🤖 AI Summary
To address the challenge of severe mutual interference and difficulty in achieving high range resolution under dense deployment of automotive FMCW radars, this paper proposes a decentralized, game-theoretic framework for distributed spectrum decision-making. It introduces coarse correlated equilibrium (CCE) to radar interference mitigation for the first time and designs a model-agnostic, no-regret hopping online learning algorithm that enables autonomous frequency selection without global coordination. By integrating nonlinear frequency hopping with regret minimization, the method achieves robustness while significantly improving spectral efficiency.
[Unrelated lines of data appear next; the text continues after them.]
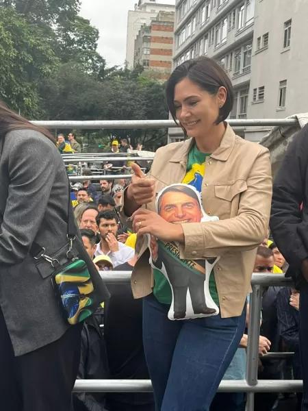 7.set.2025 – Michelle Bolsonaro, ex-primeira-dama, segura boneco do marido Jair Bolsonaro durante ato na avenida Paulista -Imagem: Adriana Negreiros/UOL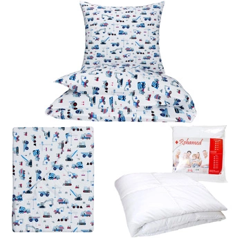 Zestaw pościeli 100x160 + 40x60 + prześcieradło we wzorze 80x160 | 404blu | niebieska | koparki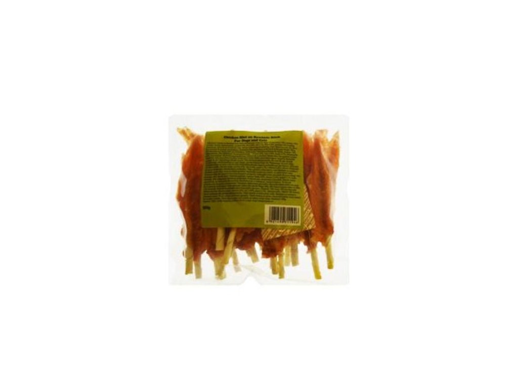Krehké kuracie filety sušené na bielej byvolej tyčke cca 18cm. Pre psov. Zloženie: kuracie prsné filety 70%, byvolej kože 30%
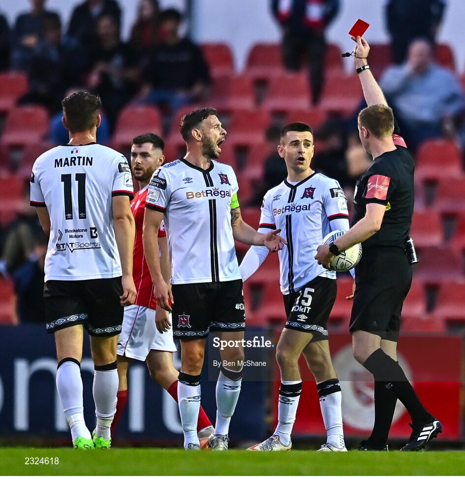 29 August 2022; Darragh Leahy of Dundalk, second from right, is shown a red card by referee John McLoughlin during the SSE Airtricity League Premier Division match between Sligo Rovers and Dundalk at The Showgrounds in Sligo. Photo by Ben McShane/Sportsfile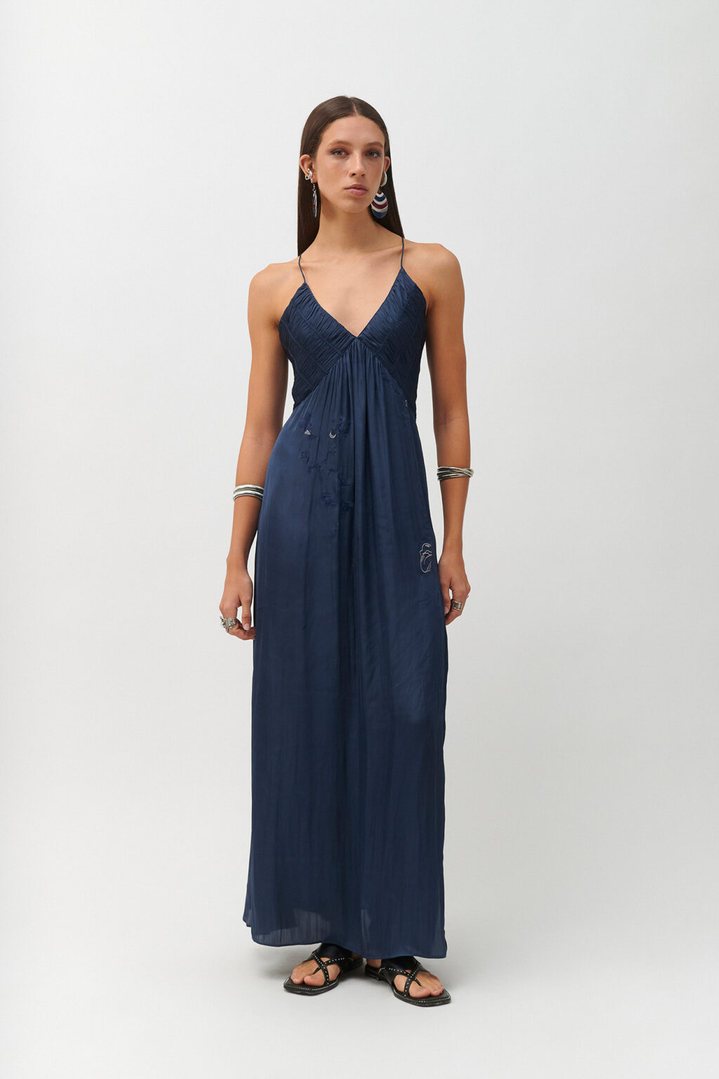 Οι λεπτές τιράντες δημιουργούν μια εκλεπτυσμένη σιλουέτα, ενώ η μακριά, αέρινη φούστα χαρίζει κίνηση και χάρη σε κάθε βήμα. Οι διακριτικές καλλιτεχνικές λεπτομέρειες ολοκληρώνουν το σχέδιο, προσθέτοντας έναν ιδιαίτερο και σύγχρονο χαρακτήρα.

Experiments demonstrate that, compared to conventional Nash equilibrium-based approaches, the proposed method reduces mutual interference by 42%, improves average SINR by 9.8 dB, and supports higher range resolution (≤5 cm). This provides a scalable, low-overhead, distributed solution for cooperative perception in automotive millimeter-wave radar networks.
📝 Abstract
Nonlinear frequency hopping has emerged as a promising approach for mitigating interference and enhancing range resolution in automotive FMCW radar systems. Achieving an optimal balance between high range-resolution and effective interference mitigation remains challenging, especially without centralized frequency scheduling. This paper presents a game-theoretic framework for interference avoidance, in which each radar operates as an independent player, optimizing its performance through decentralized decision-making. We examine two equilibrium concepts--Nash Equilibrium (NE) and Coarse Correlated Equilibrium (CCE)--as strategies for frequency band allocation, with CCE demonstrating particular effectiveness through regret minimization algorithms. We propose two interference avoidance algorithms: Nash Hopping, a model-based approach, and No-Regret Hopping, a model-free adaptive method. Simulation results indicate that both methods effectively reduce interference and enhance the signal-to-interference-plus-noise ratio (SINR). Notably, No-regret Hopping further optimizes frequency spectrum utilization, achieving improved range resolution compared to Nash Hopping.